# Exercise details:
Would you retype the listing below word for word, without any of its pictures?

# Available data:
- Opening Delimiter -

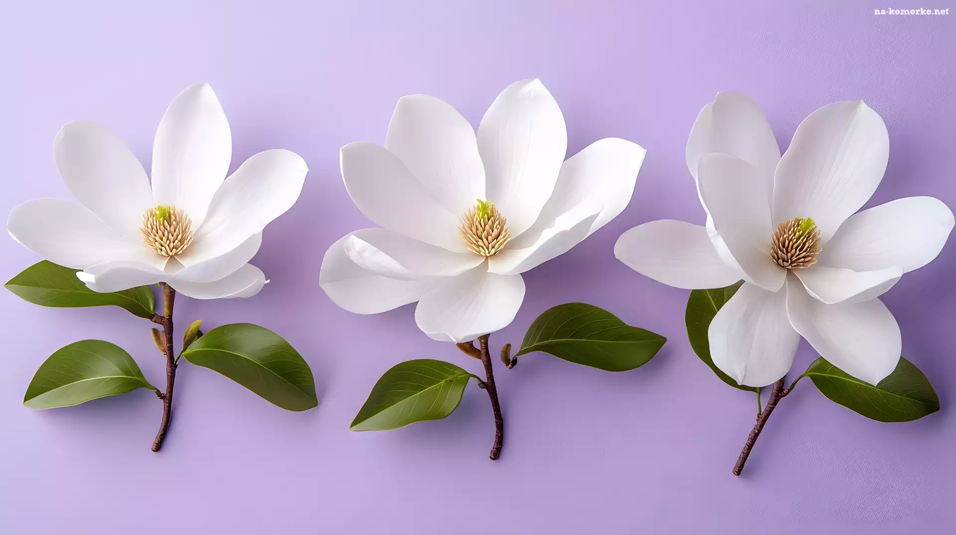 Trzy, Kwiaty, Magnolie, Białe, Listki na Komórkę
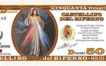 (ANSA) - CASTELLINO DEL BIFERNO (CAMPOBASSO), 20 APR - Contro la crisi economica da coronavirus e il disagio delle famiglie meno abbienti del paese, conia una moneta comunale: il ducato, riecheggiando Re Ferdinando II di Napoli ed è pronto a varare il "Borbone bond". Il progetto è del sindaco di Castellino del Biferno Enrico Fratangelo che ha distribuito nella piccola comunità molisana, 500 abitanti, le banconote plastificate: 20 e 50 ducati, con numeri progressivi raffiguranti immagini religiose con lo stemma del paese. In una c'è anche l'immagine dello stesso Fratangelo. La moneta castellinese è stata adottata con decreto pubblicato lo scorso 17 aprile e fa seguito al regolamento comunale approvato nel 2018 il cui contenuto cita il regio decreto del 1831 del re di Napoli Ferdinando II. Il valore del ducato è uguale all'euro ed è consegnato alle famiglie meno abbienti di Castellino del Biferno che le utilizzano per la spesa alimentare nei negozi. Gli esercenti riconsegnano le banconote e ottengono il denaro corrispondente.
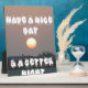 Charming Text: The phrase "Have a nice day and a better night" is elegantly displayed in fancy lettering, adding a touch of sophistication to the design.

- Closing Delimiter -

# Response for this exercise:
 Trzy, Kwiaty, Magnolie, Białe, Listki na Komórkę
 (ANSA) - CASTELLINO DEL BIFERNO (CAMPOBASSO), 20 APR - Contro la crisi economica da coronavirus e il disagio delle famiglie meno abbienti del paese, conia una moneta comunale: il ducato, riecheggiando Re Ferdinando II di Napoli ed è pronto a varare il "Borbone bond". Il progetto è del sindaco di Castellino del Biferno Enrico Fratangelo che ha distribuito nella piccola comunità molisana, 500 abitanti, le banconote plastificate: 20 e 50 ducati, con numeri progressivi raffiguranti immagini religiose con lo stemma del paese. In una c'è anche l'immagine dello stesso Fratangelo. La moneta castellinese è stata adottata con decreto pubblicato lo scorso 17 aprile e fa seguito al regolamento comunale approvato nel 2018 il cui contenuto cita il regio decreto del 1831 del re di Napoli Ferdinando II. Il valore del ducato è uguale all'euro ed è consegnato alle famiglie meno abbienti di Castellino del Biferno che le utilizzano per la spesa alimentare nei negozi. Gli esercenti riconsegnano le banconote e ottengono il denaro corrispondente.
 Charming Text: The phrase "Have a nice day and a better night" is elegantly displayed in fancy lettering, adding a touch of sophistication to the design.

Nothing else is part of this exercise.